[ACTIVITY]
Print out each entry below exactly; do not carry over any image.

● ● ● ●

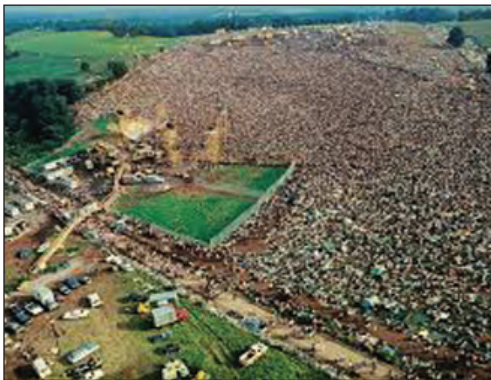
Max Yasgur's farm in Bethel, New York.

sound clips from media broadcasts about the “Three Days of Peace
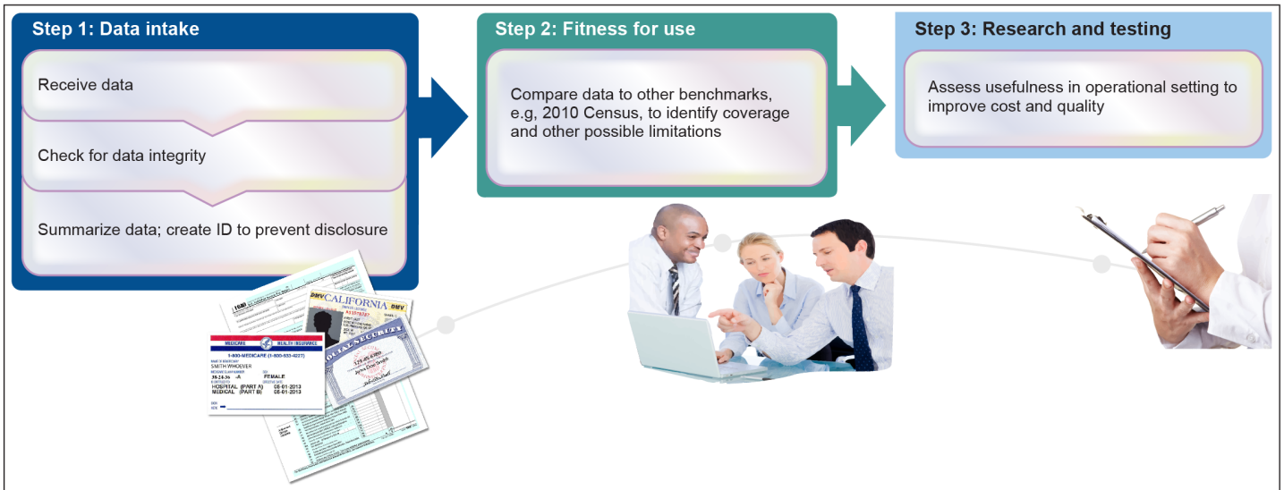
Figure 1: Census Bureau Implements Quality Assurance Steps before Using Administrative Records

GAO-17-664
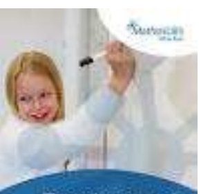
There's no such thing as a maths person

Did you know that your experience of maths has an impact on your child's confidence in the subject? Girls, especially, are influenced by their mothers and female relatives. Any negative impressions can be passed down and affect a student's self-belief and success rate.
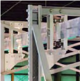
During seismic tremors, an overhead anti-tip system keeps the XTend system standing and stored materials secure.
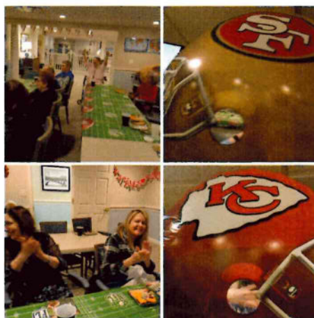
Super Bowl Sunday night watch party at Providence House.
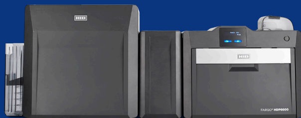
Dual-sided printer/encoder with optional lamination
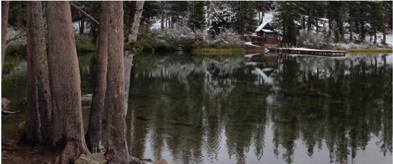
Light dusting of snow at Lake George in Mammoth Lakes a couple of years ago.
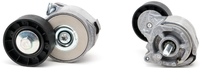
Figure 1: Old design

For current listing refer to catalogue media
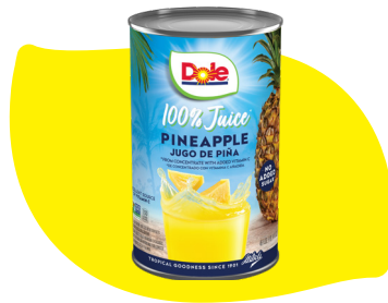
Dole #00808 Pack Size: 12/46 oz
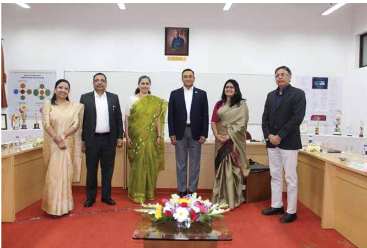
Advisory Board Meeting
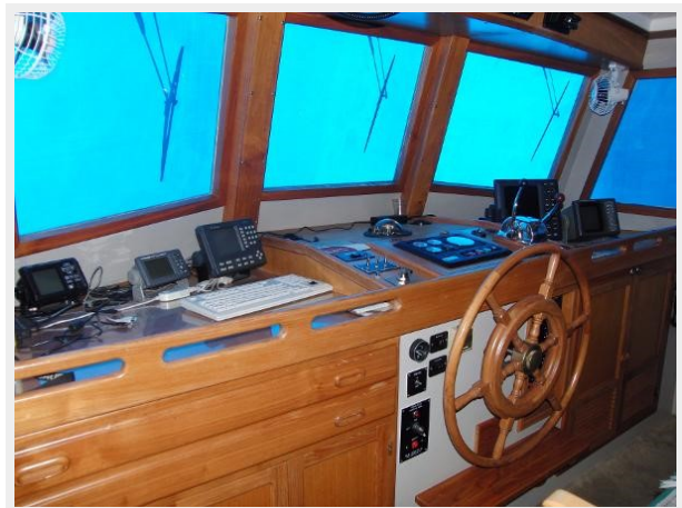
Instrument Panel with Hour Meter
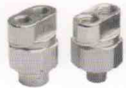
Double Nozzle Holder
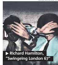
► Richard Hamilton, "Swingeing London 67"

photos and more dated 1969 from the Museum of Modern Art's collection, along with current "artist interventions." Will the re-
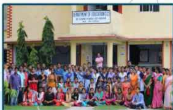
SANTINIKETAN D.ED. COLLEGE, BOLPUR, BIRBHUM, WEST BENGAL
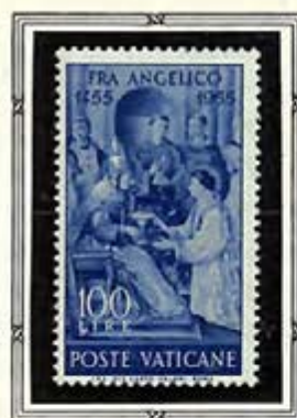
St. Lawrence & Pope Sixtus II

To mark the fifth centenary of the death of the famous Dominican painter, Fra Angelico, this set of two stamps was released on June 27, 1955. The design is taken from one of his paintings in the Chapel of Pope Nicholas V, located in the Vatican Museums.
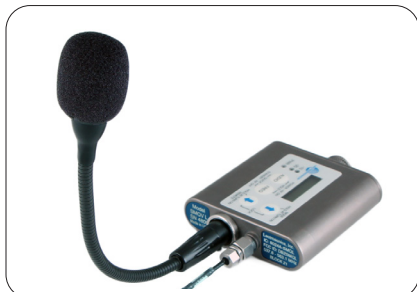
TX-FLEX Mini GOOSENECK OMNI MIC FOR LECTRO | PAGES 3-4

● ● ● ●

[TASK RESULT]
Max Yasgur's farm in Bethel, New York.

sound clips from media broadcasts about the “Three Days of Peace
Figure 1: Census Bureau Implements Quality Assurance Steps before Using Administrative Records

GAO-17-664
There's no such thing as a maths person

Did you know that your experience of maths has an impact on your child's confidence in the subject? Girls, especially, are influenced by their mothers and female relatives. Any negative impressions can be passed down and affect a student's self-belief and success rate.
During seismic tremors, an overhead anti-tip system keeps the XTend system standing and stored materials secure.
Super Bowl Sunday night watch party at Providence House.
Dual-sided printer/encoder with optional lamination
Light dusting of snow at Lake George in Mammoth Lakes a couple of years ago.
Figure 1: Old design

For current listing refer to catalogue media
Dole #00808 Pack Size: 12/46 oz
Advisory Board Meeting
Instrument Panel with Hour Meter
Double Nozzle Holder
► Richard Hamilton, "Swingeing London 67"

photos and more dated 1969 from the Museum of Modern Art's collection, along with current "artist interventions." Will the re-
SANTINIKETAN D.ED. COLLEGE, BOLPUR, BIRBHUM, WEST BENGAL
St. Lawrence & Pope Sixtus II

To mark the fifth centenary of the death of the famous Dominican painter, Fra Angelico, this set of two stamps was released on June 27, 1955. The design is taken from one of his paintings in the Chapel of Pope Nicholas V, located in the Vatican Museums.
TX-FLEX Mini GOOSENECK OMNI MIC FOR LECTRO | PAGES 3-4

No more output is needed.